The gears whirred, warming up. The tracking machine went ka-chunk, ka-chunk—just twice—then the gears wound down to a slow idle, sounding to Elsa’s ears as if the machine were too depressed to perform its duties. Elsa shut it all the way off. Maybe she’d made a mistake. She lifted the book off the top of the podium, wiped the surface down with her sleeve, replaced the book, entered the start-up sequence again, and yanked the lever.

Again, the machine refused to take the target.

Scowling, Elsa opened the return portal. The floor of the library was cold against her still-damp feet, but that was the least of her problems.

Faraz and Skandar were already waiting in the library, but before he could ask her how it went, Porzia and Leo arrived. At least Elsa wouldn’t be required to relate the bad news twice.

“Well?” Porzia said, flushed with nervous energy. “Where’s the bastard hiding?”

“Couldn’t tell you,” Elsa replied. “It didn’t work.”

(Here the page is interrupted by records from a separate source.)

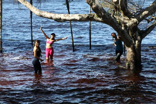 Океан за три з половиною тисячі кілометрів звідси, однак коли вода сягає горизонту, важко уявити, що це так далеко звідси. Залишивши місце зустрічі, ми трохи занурилися в тропічні ліси. Люди, котрі живуть на воді, мають тут невибагливі будинки, вікон в яких найчастіше немає. А для чого вони потрібні? Тут же завжди тепло. Місцеве господарство – це переважно вилов риби (її тут багато різної), але вирощують також овочі. А фрукти і так ростуть. Зокрема, ананаси у Манаусі відчутно солодші за ті, що можна скуштувати у решті бразильських штатів. Дітей возять до школи човнами – навчальний заклад також розміщено на воді, а де ж тут взятися суші!
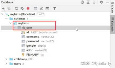 create database mybatis; use mybatis; drop table if exists tb_user; create table tb_user( id int primary key auto_increment, username varchar(20), password varchar(20), gender char(1), addr varchar(30) ); INSERT INTO tb_user VALUES (1, 'zhangsan', '123', '男', '北京'); INSERT INTO tb_user VALUES (2, '李四', '234', '女', '天津'); INSERT INTO tb_user VALUES (3, '王五', '11', '男', '西安'); -
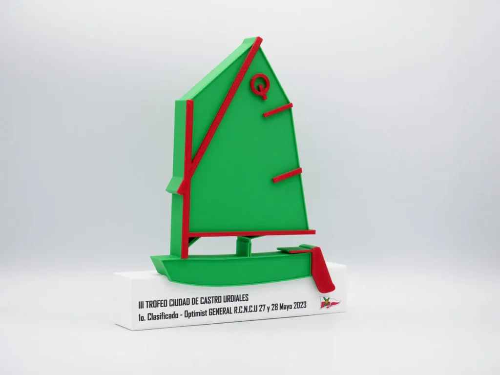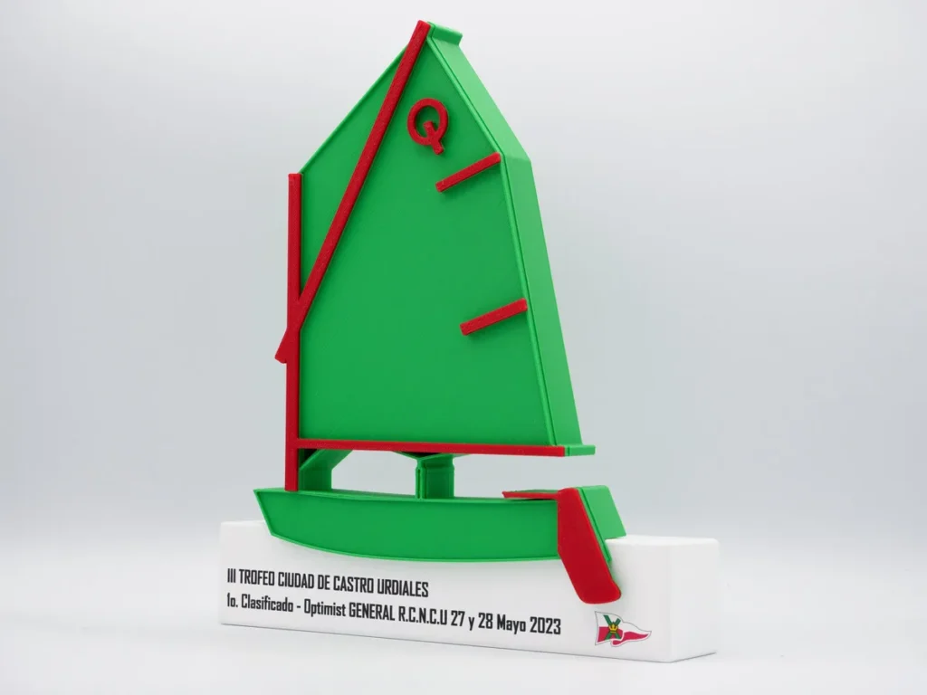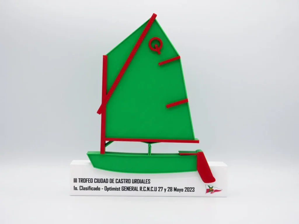 Presentamos el Trofeo Primer Clasificado Optimist General III Trofeo Ciudad de Castro Urdiales, diseñado especialmente para el Tercer Trofeo Ciudad de Castro Urdiales. Este evento se llevará a cabo en Castro Urdiales, Cantabria, y estamos emocionados de formar parte de esta celebración. Nuestro trofeo personalizado captura la esencia de este evento, con un diseño elegante y sofisticado que seguramente impresionará a todos los participantes. En Mi Pequeña Fábrica, nos especializamos en la creación de trofeos personalizados en 3D.
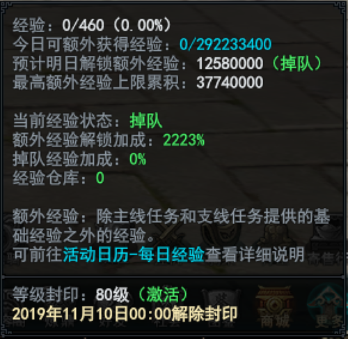 掉队追赶机制,后进服的小伙伴们不用担心等级跟不上的问题,游戏里有追赶机制,很快就能追上来了,除了主线外,其他所有任务都会有额外加成,与服务器其他玩家差的越多,加成就越多,小伙伴们加油升级!
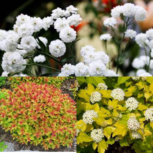 - Тысячелистник «Маршмеллоу» (1 год) – многолетник с воздушными розово-белыми зонтиками, напоминающими сладкую вату. Цветёт долго и обильно, добавляя лёгкости и мягкого шарма в композицию.
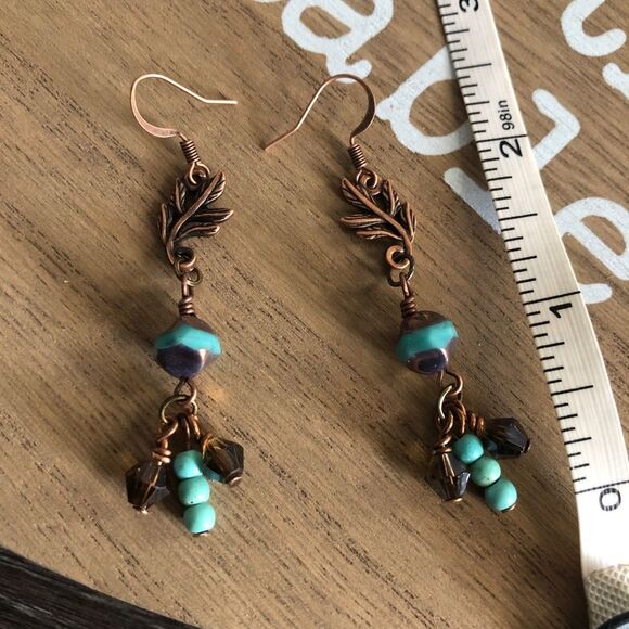 New without tags rustic boho earrings made with antique copper colored metals, Czech glass, crystals, and turquoise colored stones. Copper colored hooks are nickel and lead free. Approximate length of earrings is 2.5” including ear wires.
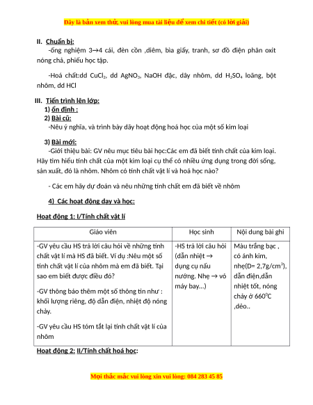 -Hoá chất:dd CuCl2, dd AgNO3, NaOH đặc, dây nhôm, dd H2SO4 loãng, bột nhôm, dd HCl III. T
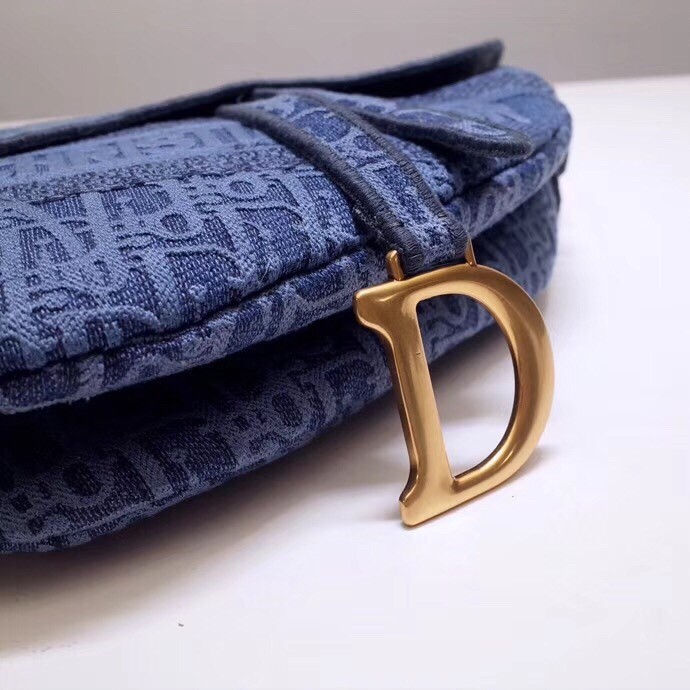 Dior Saddle Bag In Denim Blue Dior Oblique Canvas
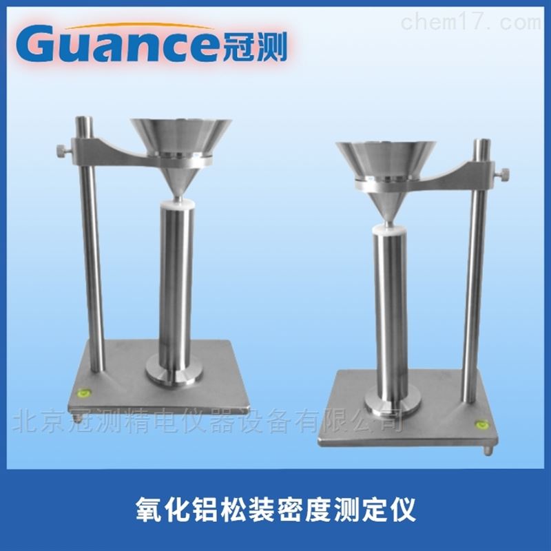 松裝密度儀測定步驟1、試料:取GB/T 6609.23中3.2中的原始試樣,在300℃±25℃保溫2h后冷卻。2、測定:將圓筒形容器干燥后置于底臺上,調節漏斗使其中心線與圓筒中心線相重合,并使漏斗下端面與圓筒形容器頂部平面距離為10mm。將試料從距離漏斗上方約40 mm處往漏斗中心自由流入,使整個裝置無振動,下料流量為20 g/min~60 g/min,如果漏斗
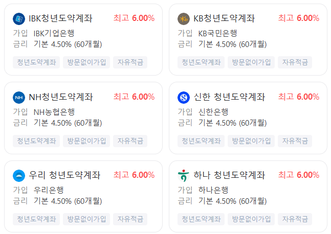위의 청년도약계좌 가입조건에 부합한다면, 아래 협약 시중은행 중 하나를 통해 가입할 수 있습니다.
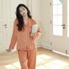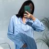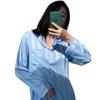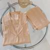Pijama simple de dos piezas de seda de hielo jacquard a rayas para mujer, de manga larga y pantalones holgados para primavera y verano 2023
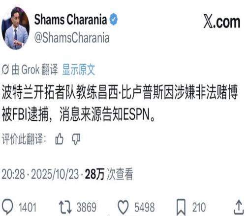北京时间10月23日,重磅大轰动!杨瀚森恩师被捕,刚刚完成生涯首秀的他就迎来最差的消息,开拓者的动荡到来了。
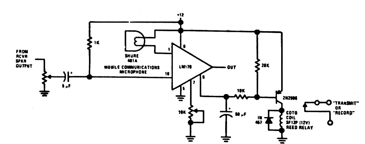 This circuit can be used at the same time as a preamplifier and voice by activating a relay when speaking into a microphone. The circuit is from an old documentation for radio amateurs, and modern equivalent operational amplifiers can be used.
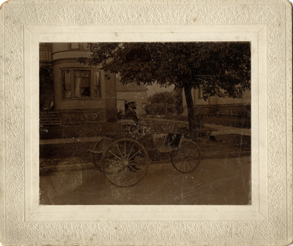 View of Charles E. Duryea driving an 1898 Duryea dos-a-dos trap in front of his residence in Peoria, Illinois. Handwritten on back: "Subject: Duryea automobiles. Collection: MS3/Charles E. Duryea Collection. Date: c. 1898. Source: Estate of Charles E. & M. Jerry Duryea. I.D.: Duryea dos-a-dos trap, photo taken Peoria, Ill. Home (208 Barker Ave.) of Charles E. Duryea in background."
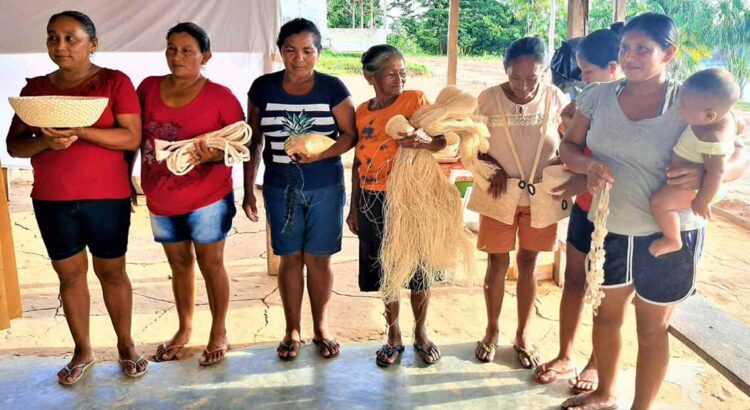Artesãs apresentando seus produtos feito com fibra de tucum
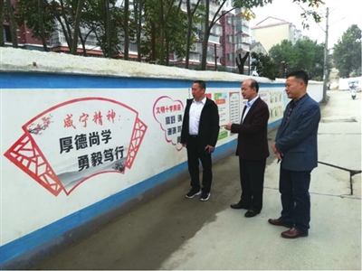 小巷两边的新刷墙面,灰白相映,焕然一新,墙面上喷绘的文明宣传栏内容丰富,色彩斑斓。高新税务一行停驻在喷有“咸宁精神”内容的宣传栏前,细细解读。
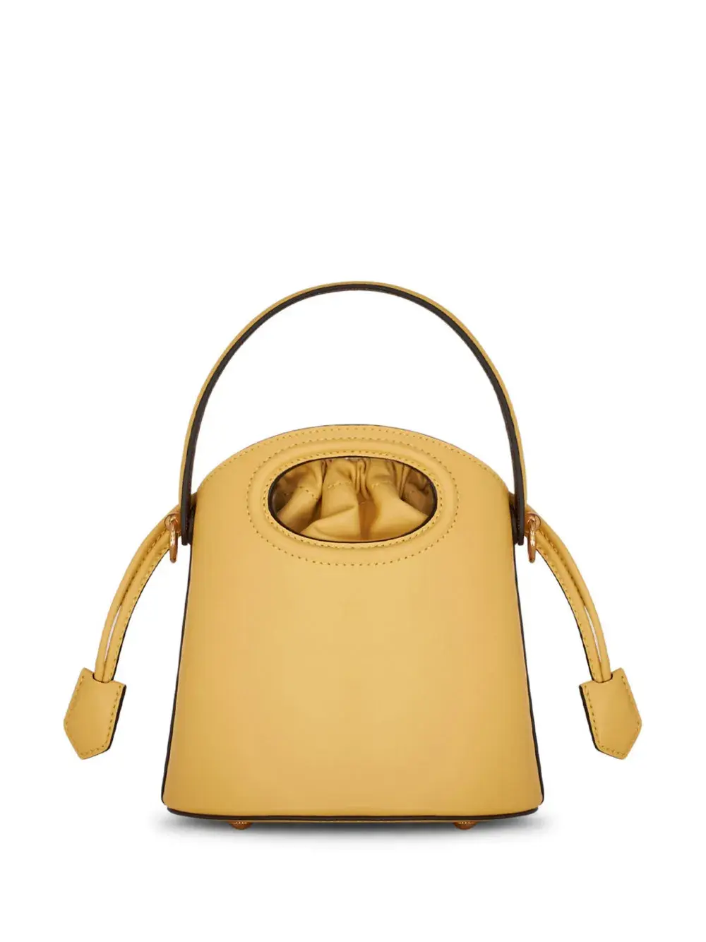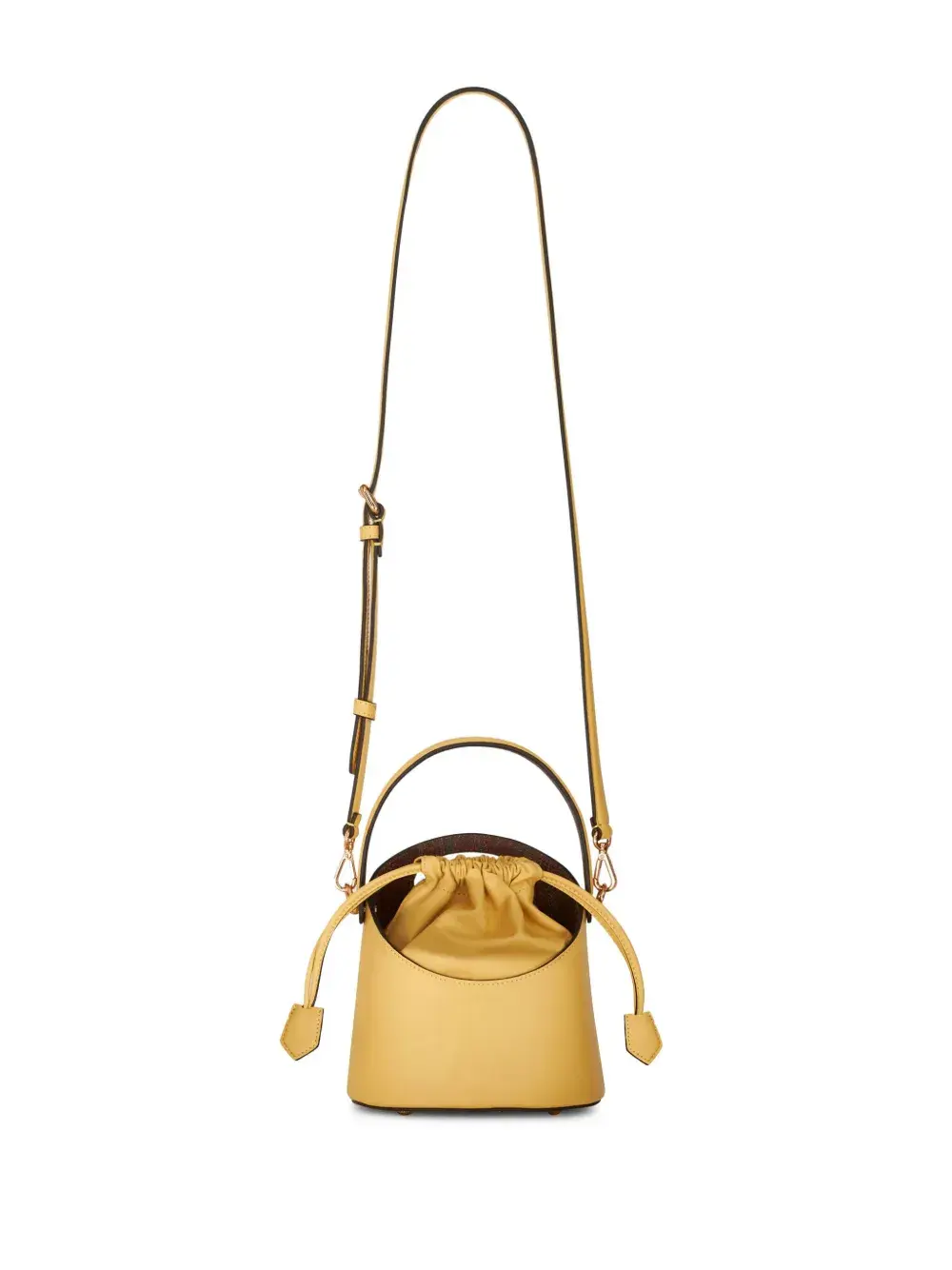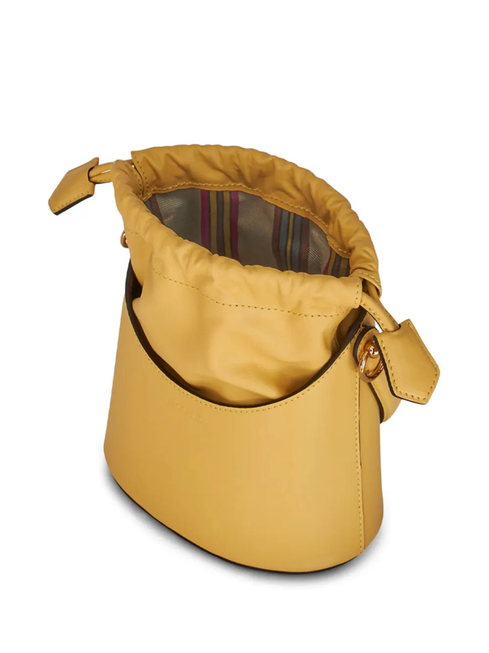 Горчично-желтый, кожа, золотистая фурнитура, тисненый логотип спереди, принт пейсли, модель ведро, верхняя застежка на шнурке, регулируемый ремень на плечо, верхняя ручка, верхняя ручка, основное отделение, нашивка с логотипом внутри, внутренние накладные карманы и металлические ножки.
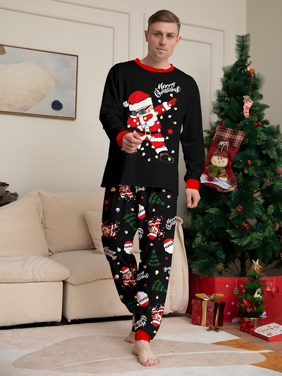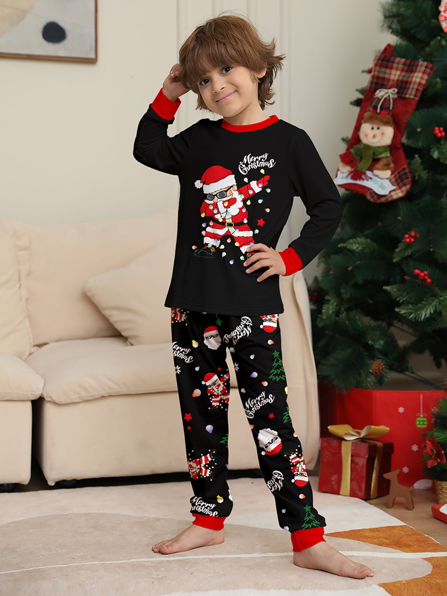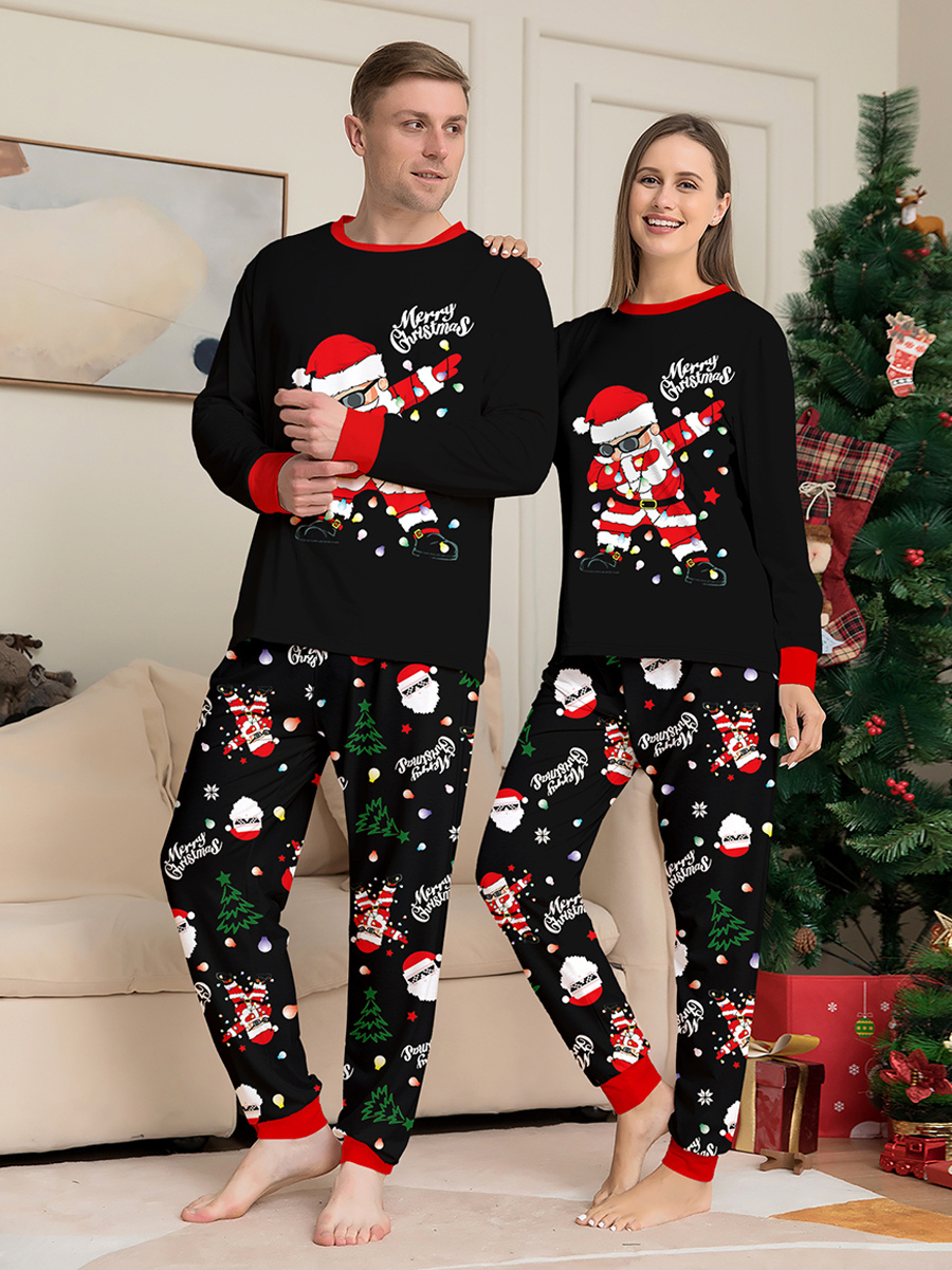 ダビングサンタの黒と赤のファミリー向けクリスマスパジャマ 2025

That drew Leo and Porzia up short. Leo gave her a dumbstruck look. “What?”

Elsa pulled out a chair and flopped down, dismayed at the sight of Montaigne’s worldbooks stacked on the table. She said, “All the worldbooks went through the restoration machine—they’ve not only been handled by other people, they’ve been completely disassembled, repaired, and reassembled by someone else’s invention. The ownership must not have survived.”

“Damn,” said Porzia, hands on hips. “I hadn’t thought of that.”